§ Task brief:
Within the records below, how many lines hold the string "ribbon"? State that number and nothing else.

§ The data:
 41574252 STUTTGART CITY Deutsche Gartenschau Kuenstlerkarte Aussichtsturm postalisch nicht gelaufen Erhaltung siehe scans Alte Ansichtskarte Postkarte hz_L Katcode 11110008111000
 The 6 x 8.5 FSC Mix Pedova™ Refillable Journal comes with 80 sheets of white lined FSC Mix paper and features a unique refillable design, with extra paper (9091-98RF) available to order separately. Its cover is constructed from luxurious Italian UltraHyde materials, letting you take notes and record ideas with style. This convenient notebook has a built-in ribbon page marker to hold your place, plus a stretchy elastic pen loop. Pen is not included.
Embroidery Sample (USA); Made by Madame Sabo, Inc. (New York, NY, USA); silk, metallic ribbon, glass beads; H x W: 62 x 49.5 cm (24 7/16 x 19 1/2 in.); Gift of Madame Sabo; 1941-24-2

* * *

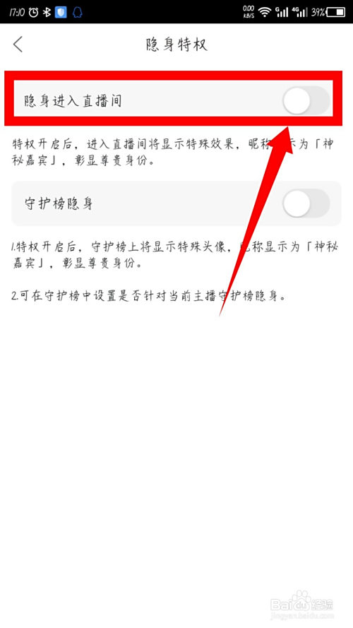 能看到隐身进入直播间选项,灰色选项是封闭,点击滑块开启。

§ Written answer:
2